On Fri, Jun 26, 2015 at 8:12 PM, Thomas De Schampheleire
<patrickdepinguin at gmail.com> wrote:
> Hi Thomas,
>
> On Thu, Jun 25, 2015 at 8:02 PM, Thomas Petazzoni
> <thomas.petazzoni at free-electrons.com> wrote:
>> Hello,
>>
>> Our http://autobuild.buildroot.org tests are great, but they are only
>> build-time tests, and they only test random configurations of packages.

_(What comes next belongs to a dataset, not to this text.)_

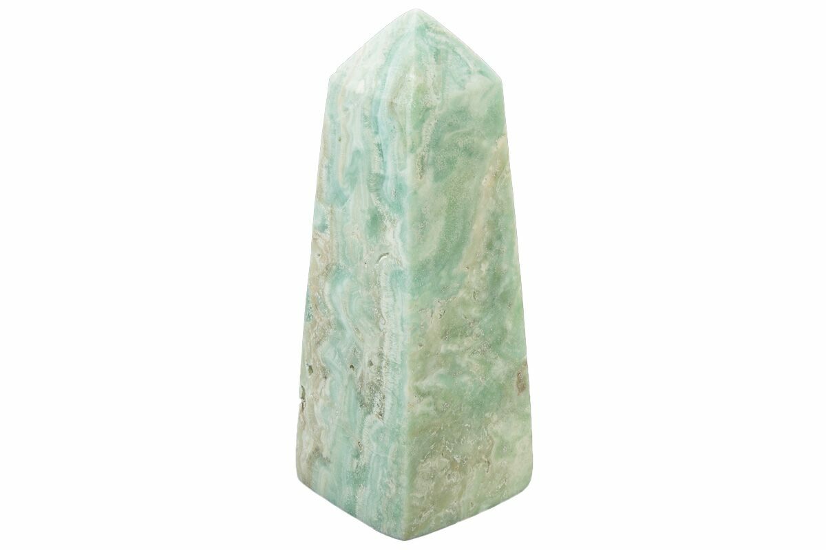 This is a 4.8" tall obelisk (tower) made from blue Caribbean calcite that was collected from the Balochistan Province along the border of Pakistan and Afghanistan. The entire specimen has been polished to a glossy finish with a flat cut base.

>> Things like bootloader packages, filesystem images, kernel build are
>> never tested in an automated way, and no runtime testing is done. I
>> also want to be able to build small test programs exercising specific
>> features and run them on the target.
>>
>> Since a while, I wanted to setup a small infrastructure to be able to
>> describe specific test cases: a Buildroot configuration to build, with
>> the ability to boot some of those configurations automatically in Qemu.
>>
>> So I finally went ahead and create such a small infrastructure. It's
>> very basic and minimal right now, and should be considered as an
>> experiment. It's available at:
>>
>>    https://github.com/tpetazzoni/buildroot-runtime-test
>>
>> It's based on the Python unittest mechanism, and allows to describe
>> test cases that consist in a Buildroot defconfig, plus a Python
>> function that can do some checks on the resulting build, boot the
>> system under Qemu, run some commands inside the Qemu system and check
>> their results.
>>
>> I've written a few tests to show how it could work: simple tests for
>> Dropbear and Python (on the package side) and several tests for
>> filesystem images: ext2/3/4, squashfs, jffs2, ubi, iso9660, yaffs2 (all
>> of them are boot tested, except yaffs2).
>>
>> For now, it's very crude and basic. The README file explains how it
>> works, and gives a TODO listing some of the things that for sure need
>> to be improved.
>>
>> Currently, this runtime test infrastructure is not set up to be
>> executed every day on the latest Git, but it is obviously the goal.
>>
>> Contributions, comments and suggestions are welcome.
>
> A while ago I learned about pyTest, an alternative test suite over unittest.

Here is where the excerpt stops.